Kıbrıs’la ilgili gelişmeler merhum Denktaş’ın 1960 çözüm şekli hakkında “endişe” duymakta ne kadar haklı olduğunu ortaya koymuş bulunmaktadır.
Denktaş Kıbrıs Türk halkının Rum-Yunan ikilisinin “enosis” emelleri hakkında uyanık tutulmasının sağlanmasına; Ada’daki Türk varlığını yok etme niyet ve teşebbüsleri karşısında dayanışma içinde azimle direnme gücü göstermesinin şartlarının yaratılmasına hayatî önem atfetmiştir.
Önce Dr. Fazıl Küçük ve sonra Rauf Denktaş Kıbrıs Türk halkının öz menfaatlerinin anavatan Türkiye’nin menfaatleriyle bir ve bütün olduğuna inanmış ve bu inancını söyleyerek, yazarak sık sık dile getirmişlerdir.
Rauf Denktaş, bir taraftan uluslararası toplum önünde halkının öz çıkarlarını koruyup kollarken, diğer taraftan da Kıbrıs adasının “ana vatanım” dediği Türkiye için stratejik öneminin idraki içinde olmuştur. Kıbrıs Millî Davası’nın aynı zamanda Türkiye’nin Ege’den sonra Doğu Akdeniz’de de kuşatılmasının önlenmesi davası olduğunun bilinci içinde hareket etmiştir.

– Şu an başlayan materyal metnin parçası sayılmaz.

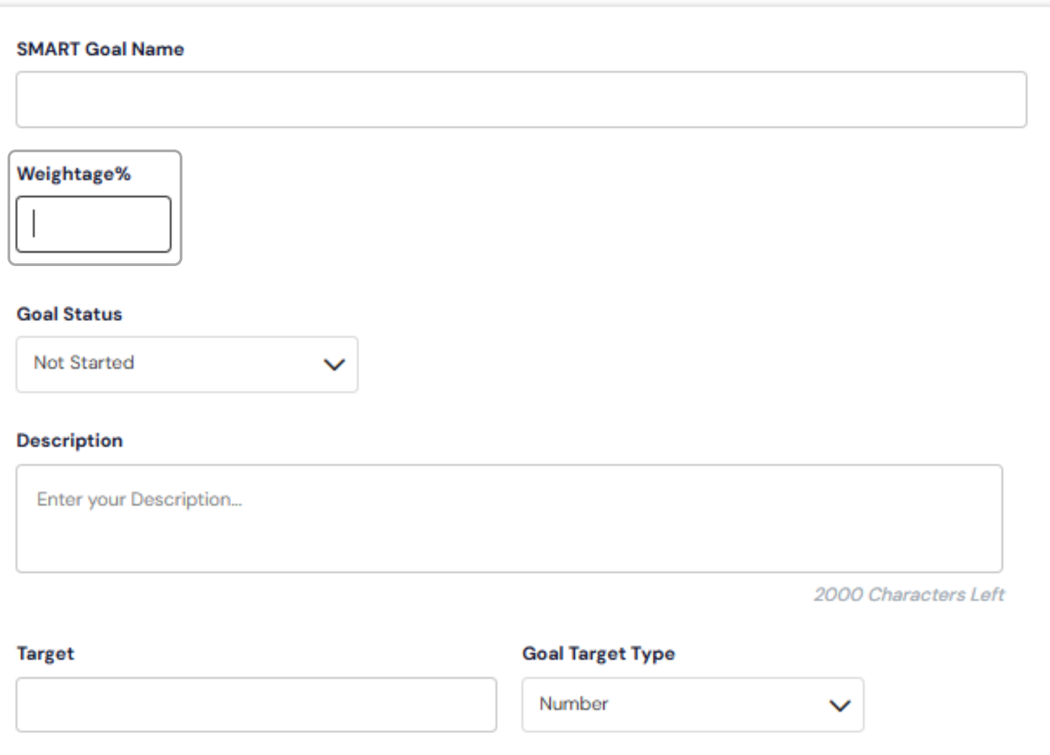 During the Set Goals stage, employees and managers can allocate weightages as part of the goal-setting process. This structured approach ensures clarity, fairness, and consistency in evaluating performance outcomes.

Rauf Denktaş, Rumların ve Yunanların ve onları destekleyen uluslararası çevrelerin Ada’da basit bir azınlık olarak gördüğü Kıbrıs Türk halkını kendi bağımsız ve egemen Devleti’ne, Kuzey Kıbrıs Türk Cumhuriyeti’ne kavuşturmuştur. Devleti’nin güçlendirilerek yaşatılması için ömrünün sonuna kadar çaba sarfetmiştir.
O’nun Millî Kıbrıs Davamız hakkında söylediklerinin, yazdıklarının KKTC okullarında ders kitabı olarak okutulmasının, gelecek nesillerin bilinçlendirilmesi için fayda gördüğümüzü belirtmek isterim.
Millî Kahraman Rauf Denktaş’ın aziz hatırası önünde saygıyla eğiliyoruz. Ruhu şad olsun!